Add support for using zstd-compressed nightly bundles

[henrymercer]

We are currently experimenting with using bundles compressed using Zstandard (zstd) rather than gzip to potentially save a significant chunk of the time we spend extracting the bundle. This could lead to a noticeable analysis speedup, particularly for small codebases where fixed costs represent a higher proportion of the total runtime.

This PR is one of the first steps. Specifically:

• We allow users to pass zstd bundles using the tools input to init
• We add support for decompressing these zstd bundles. This works by letting tar auto-detect the compression method, i.e. instead of running tar xz, x for extract, z for gzip, we just run tar x.
• We add telemetry for the compression method used and the version of tar (this informs us whether zstd should be available).
• We download zstd bundles in PR checks to test out this functionality (and hopefully speed up the PR checks!)

Merge / deployment checklist

• [ ] Confirm this change is backwards compatible with existing workflows.
• [ ] Confirm the readme has been updated if necessary.
• [ ] Confirm the changelog has been updated if necessary.

[henrymercer]

Thanks for the review!

• is there a reason we're only supporting for nightly bundles so far? (maybe I've missed the context behind that)

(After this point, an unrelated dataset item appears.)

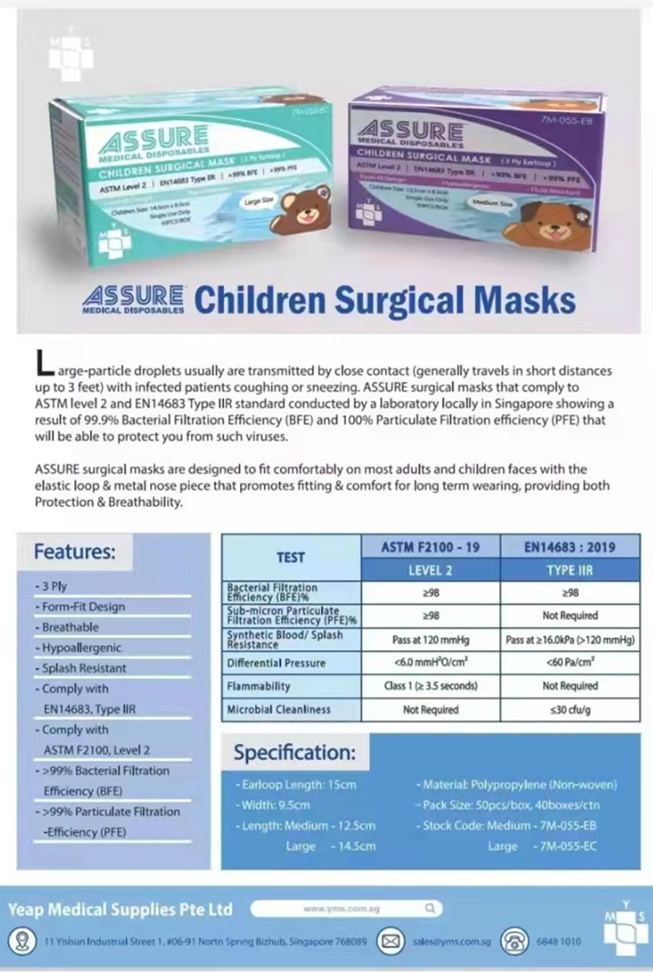 ASSURE Surgical Mask Kids Children 50’s/box 3-ply Earloop Disposable 99% BFE (6-12 years)

Only that we haven't had a stable release with a zstd bundle yet. My thinking was that it would be easier to write and test the functionality for stable versions once we have a stable zstd bundle.

• should we expose this in an experimental changenote or will we do that once we've deemed the experiment a success?

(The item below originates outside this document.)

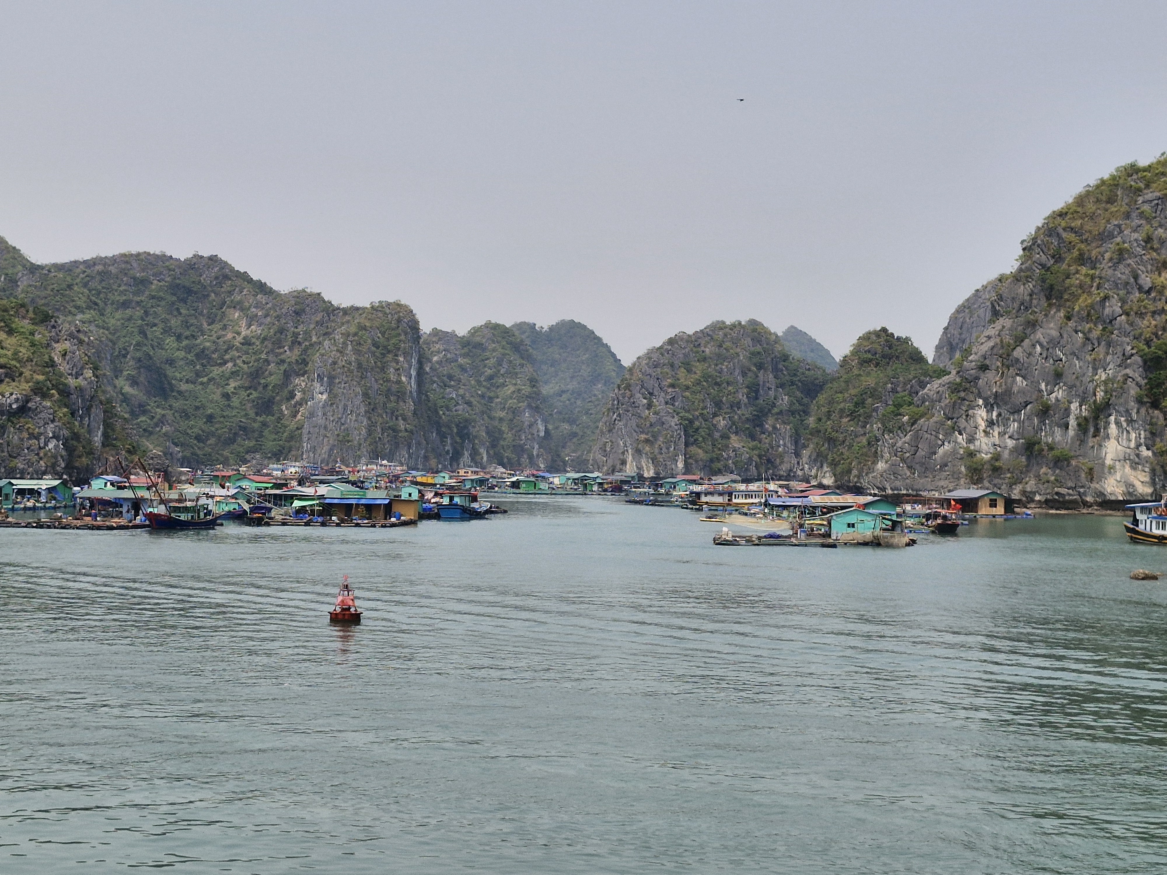 Nous sommes partis depuis Hanoi avec un mini-bus jusqu’à l’île de Cat Hai où nous avons pris un ferry (assez rudimentaire) tout en restant dans le bus, pour atteindre le nord ouest de l’île de Cat Ba. La traversée dure à peine 15 min. Et nous avons continué la route en bus (environ 30 min) pour rejoindre le petit port de Cai Beo, d’où partent certaines croisières.

I was thinking no since this only applies to nightly bundles which we haven't advertised before, but I don't feel strongly about it.

[aeisenberg]

• should we expose this in an experimental changenote or will we do that once we've deemed the experiment a success?

I was thinking no since this only applies to nightly bundles which we haven't advertised before, but I don't feel strongly about it.

When we're confident about this being a positive improvement, we will go through a proper release channel just to make sure we put out a changelog note and update documentation.